Gervasio lo había dejado correctamente colgado en su habitación, listo para la
función de la noche. Le sentó perfectamente, porque ambos hermanos seguían
siendo idénticos. Ya era media tarde, por lo que decidió marchar al teatro.
Como no tenía para un taxi, tuvo que ir en transporte público.
Todo el mundo,
cargado de regalos como es lo típico para esa época navideña, no dejaba de
mirarle con sorpresa. “¿Sería un chiste? ¿Una curiosa publicidad? ¿Un loco
escapado del manicomio?”, se preguntaban los pasajeros. Asdrúbal tuvo que
poner su mejor cara de desentendido (de tonto) y mirar el techo del vehículo
todo el recorrido para no encontrar las miradas de la gente.
Llegado al teatro,
lo saludaron en francés. “En español. En español está bien”, se apresuró
a responder. Comenzó a sentir que le gustaba mucho su papel. Al rato vino el concertino
a saludarlo: “¡Un gusto, Maestro! Entonces, arrancamos en piano ma non
troppo y luego el tutti lo atacamos en fortissimo, para lograr clima, tal como
quedamos en los ensayos, ¿verdad?” Sin siquiera dudarlo, la respuesta fue
inmediata: “¡Por supuesto!”
Vio que el papel a
actuar no era tan fácil, por lo que se le ocurrió algo para salvar la situación.
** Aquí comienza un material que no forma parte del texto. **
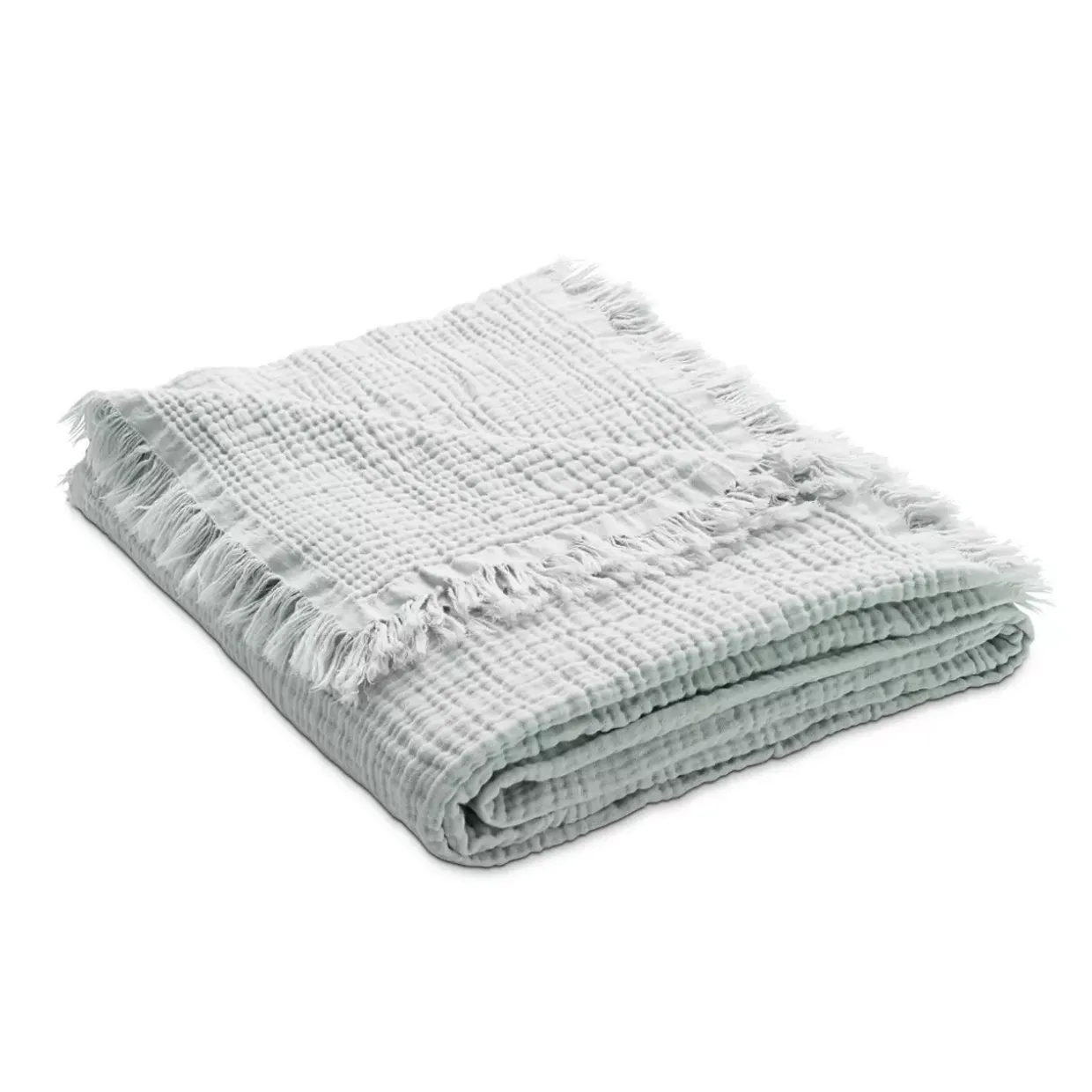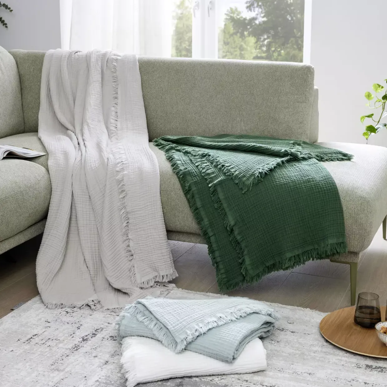 Tauchen Sie ein in die sanfte Welt der Musselin Decke mit Fransen im modernen Stil. Diese Decke in einem beruhigenden Salbeiton ist ein zeitloses Accessoire für jede Jahreszeit. Gefertigt aus hochwertigem Textil, bietet das Modell Tera eine perfekte Kombination aus Weichheit und Langlebigkeit. Der Musselin, eine Naturfaser, verleiht der Decke ihren besonderen Charakter und sorgt für ein angenehmes Hautgefühl.

“Como suelo hacer siempre en mis conciertos, prefiero quedarme en silencio,
concentrado, y en una habitación yo solito, hasta el momento de entrar en
escena”. Los rodeantes se miraron algo sorprendidos, pero no dudaron en
consentirlo. “Por supuesto. Como usted diga, Maestro”.
Sintió que
respiraba. Quedó solo en un lujoso cuarto, pequeño, muy bien iluminado. Una
mujer, con ceremonial respeto, le ofreció algo de tomar. “Jugo de tomate”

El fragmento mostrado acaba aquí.